Here's a simple example:
For example, find the greatest common divisor of 10 and 24:
a = gcd(10, 24):
1. The greatest common divisor of 10 and 24 is equal to the greatest common divisor of 10 and 4:
a = gcd(10, 24) = gcd(10, 4)
2. The greatest common divisor of 10 and 4 is equal to the greatest common divisor of 4 and 2, which is 2:
= gcd(4, 2) = 2
<h1 class="pgc-h-arrow-right" > extend Euclidean algorithm</h1>
Algorithm principle: if a and b are positive integers, there is an integer x, y such that gcd(a,b) = ax+by;
In layman's terms, gcd(a,b) can be expressed as a linear combination of integers a and b.
gcd(10, 24) = 2
2 = 10*(-7) + 24*3
The main applications are as follows:
1. Solve indefinite equations;
2. Solve the inverse of the module (multiplying inverse), with reference to the congruent equation, Euler's function, multiplying inverse, and the matrix defined on Zm
3. Solve the modular linear equation (linear congruence equation);
1). Solve the common residual equation ax ≡ b (mod m), x = ?
2).
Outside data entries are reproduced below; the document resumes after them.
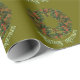 Colorful Paisley Wreath on Green Christmas Wrapping Paper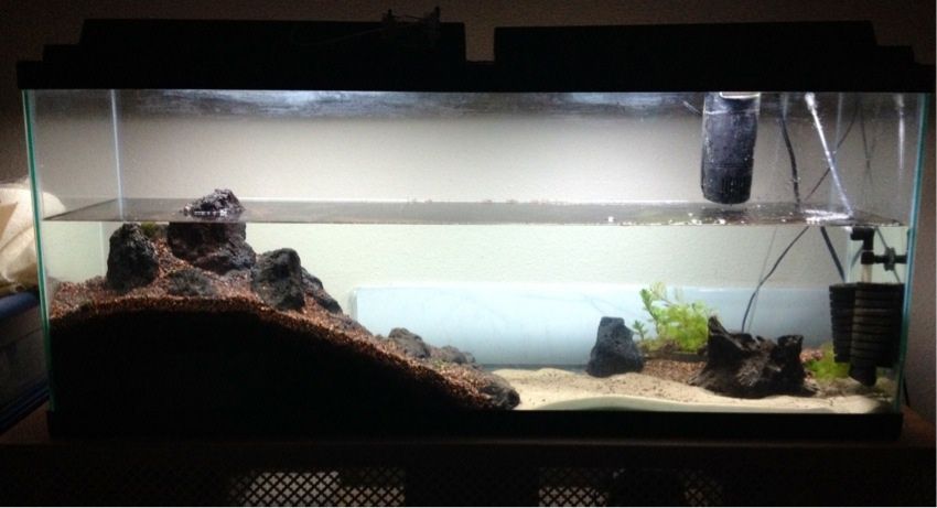 Hardscape: lava rock supported by plastic and slate substrate supports. Malaysian driftwood. CaribSea supernatural sand.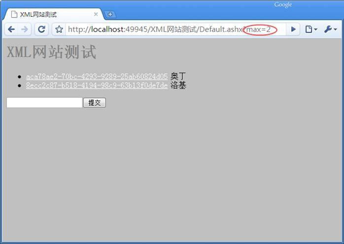 由于此前在ashx中编写了支持Url参数查询的代码,我们可以通过设置max参数来决定显示的最大数据条目数: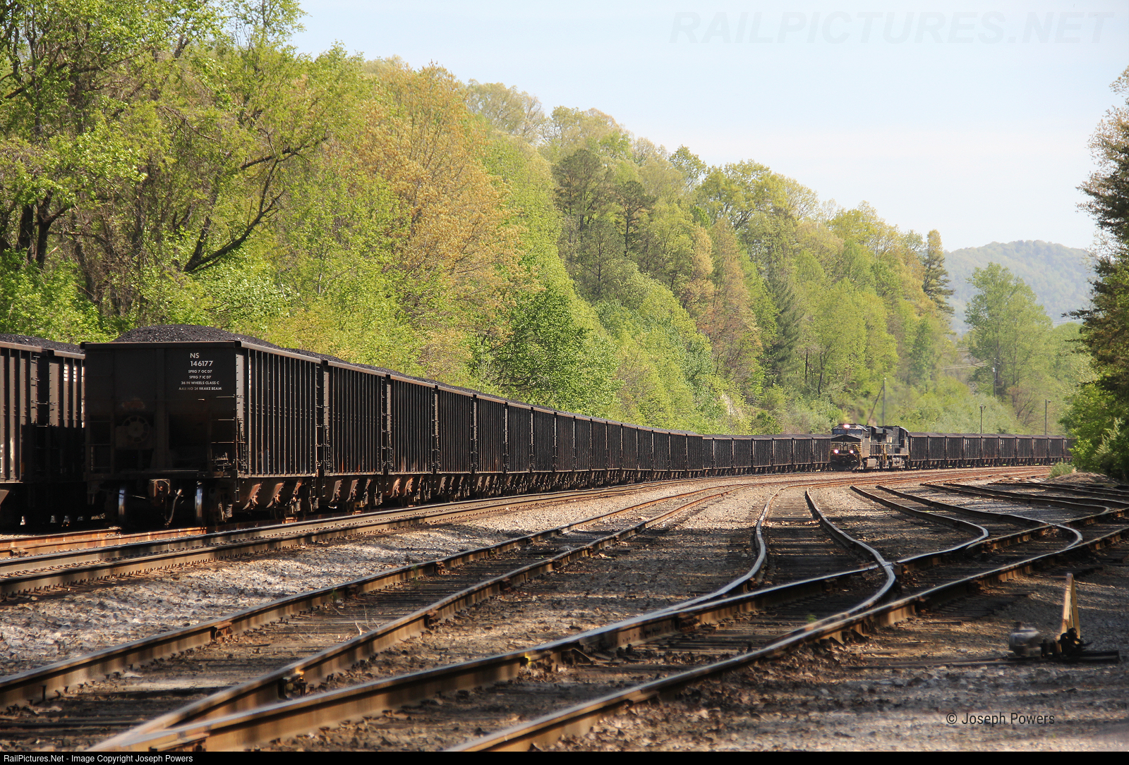 Eastbound Norfolk Southern train U40 is coming into the yard at Frisco, Tennessee. The train is actually in Virginia as the Tennessee-Virginia state line is between the train and the photographer. The train will set out its 37 loads of coal here, and the crew will take the locomotives light back to Andover, Virginia.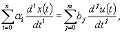 В Приложении 3 приведен пример, отражающий методы оценивания параметров комплексной динамической модели и прогнозирования по ней. 4.14. Двузвеньевая модель представляет собой последовательное соединение двух инерционных звеньев первого порядка. Такая структура модели позволяет учитывать инерционное запаздывание продолжительностью до половины основной гармоники, сохраняя при этом хорошие сглаживающие свойства математического описания, присущие звену первого порядка, и высокую точность описания, присущую звену второго порядка. Двузвеньевая модель во многих случаях декоррелирует входные воздействия и обладает устойчивостью. 4.15. Двузвеньевая стационарная модель непрерывного процесса одномерного перемещения x(t), включающая n входных воздействий, представленная типом «вход - выход», имеет вид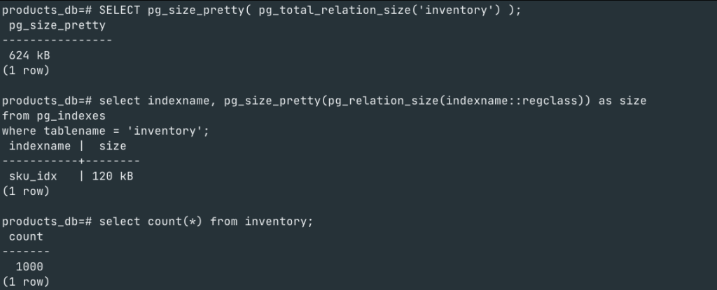 If you notice, we have not inserted any new rows, the same 1000 rows remain, however the table size on disk has increased 4x to what it was and the index size has increased 3X to what it was.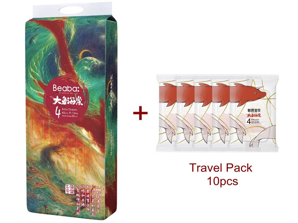 Beaba Nappies Size L 38 Pack + 10pcs Travel Pack (9-14KG) Bigfish Begonia Series (Size 4) 大鱼海棠纸尿裤 -Clearance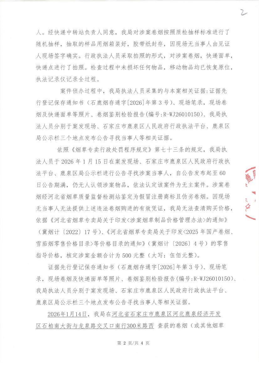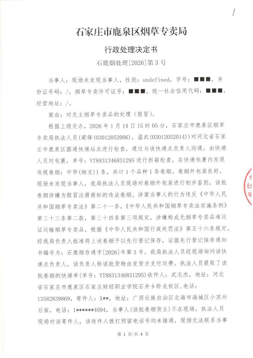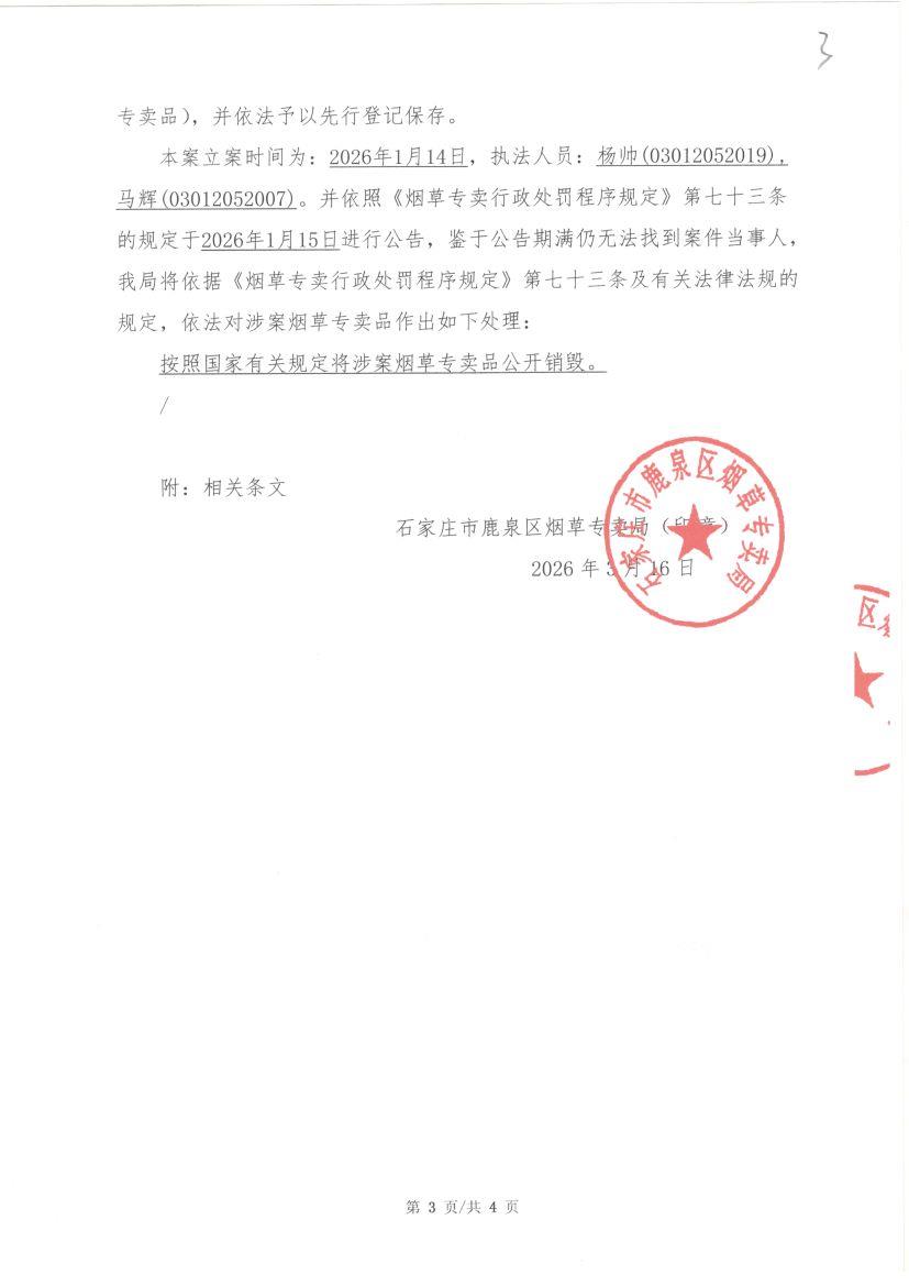石家庄市鹿泉区烟草专卖局行政处理决定书

Solving the System of Homojunctive Equations Continue looking down at the Chinese residual theorem
< h1 class= "pgc-h-arrow-right" > The Chinese residual theorem</h1>
There is a question in the Sun Tzu Arithmetic: "Now there are things whose number is unknown, and two of the three numbers are left (divided by 3 for 2),
The remaining three of the five-five number (divided by 5 more than 3), the remaining two of the seven-seven number (divided by 7 more than 2), the question is geometric? ”
The Song Dynasty mathematician Qin Jiushao made a complete and systematic solution to the problem of "unknown numbers" in 1247 in the Nine Chapters of the Book of Numbers, Volume I and II, "Great Yan Class". The Ming Dynasty mathematician Cheng Dawei compiled the solution into an easy-to-catch "Sun Tzu Song Recipe":
Three people walking together seventy rare,
Fifty-one plum blossoms,
Seven sons reunion half moon,
Except for one hundred and five, we know.
This means that as long as it is divided by 3 and a 1, it adds a 70;
As long as it is divided by 5 and a 1, add a 21;
Just divide by 7 and add a 1. Then add up.
Finally, the sum is calculated divided by the remainder of 105.
That is, (2×70 + 3×21 + 15×2 ) mod 105 = 23
The solution is as follows:
First, from the common multiples of 3 and 5, 3 and 7, 5 and 7, find the smaller numbers 15, 21, and 70 divided by the average remainder 1 of 7, 5, and 3 respectively (this step is also called the "modulo inverse" operation, referring to the multiplicative inverse solution). namely:
15÷7=2...... Yu1,
21÷5=4...... Yu1,
70÷3=23...... Yu 1.
Then multiply the three smaller numbers found by multiplying the required numbers by the product of the remainder divided by 7, 5, and 3, respectively,
15×2+21×3+70×2=233.
Finally, divide the sum by 233 and divide the three smallest common multiples of the three divisors of 3, 5, and 7.
233÷105=2...... Yu23,
This remainder 23 is the minimum number that qualifies.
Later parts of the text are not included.